PWLM3-based automatic performance model estimation method for HDFS write and read operations

There is a growing need for the development of an automatic performance model estimation method for Hadoop Distributed File System (HDFS) write and read (W/R) operations in order to deal with constant software improvement and updates, parameter configuration changes, hardware heterogeneity, and their Quality of Service (QoS) evaluation. Extant research based on single linear system model has a limited ability to explain the performance variations due to changes in HDFS parameters such as block size. These variations reveal some typical characteristics of nonlinear systems and are an obstacle in achieving effective automatic performance estimation.

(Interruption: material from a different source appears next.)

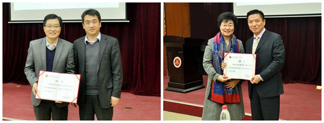 最后,法学院党委书记杨海,法学院副院长张艳丽为2015年新聘的法律硕士专业学位研究生校外导师颁发了聘书。

In order to deal with this challenge, a piecewise-linear multi-model modeling (PWLM 3 )-based automatic performance model estimation method is proposed for HDFS W/R performance. In the proposed method, a standard model base is built to standardize the model representation of every submodel. Moreover, a cluster quality assessment strategy is applied to evaluate the optimal number of submodels, and a submodel selection strategy is implemented to construct performance model candidates and improve the computation efficiency of the proposed method. In addition, Levenberg-Marquardt (LM) and Universal Global Optimization (UGO) algorithms are adopted to estimate the values of switch points and identify undetermined parameters of performance model candidates. Then the performance model is selected among these candidates according to Root Mean Squared Error (RMSE) indicator. Experimental results demonstrate that the PWLM 3 -based performance model provides a good understanding and description of nonlinear characteristics of HDFS W/R performance and achieves better identification precision than a single linear system model-based one. A PWLM 3 -based automatic performance model estimation method is proposed.A model base is built to standardize the model representation of submodels.A cluster quality assessment strategy is used to evaluate the number of submodels.A submodel selection strategy is applied to build performance model candidate set.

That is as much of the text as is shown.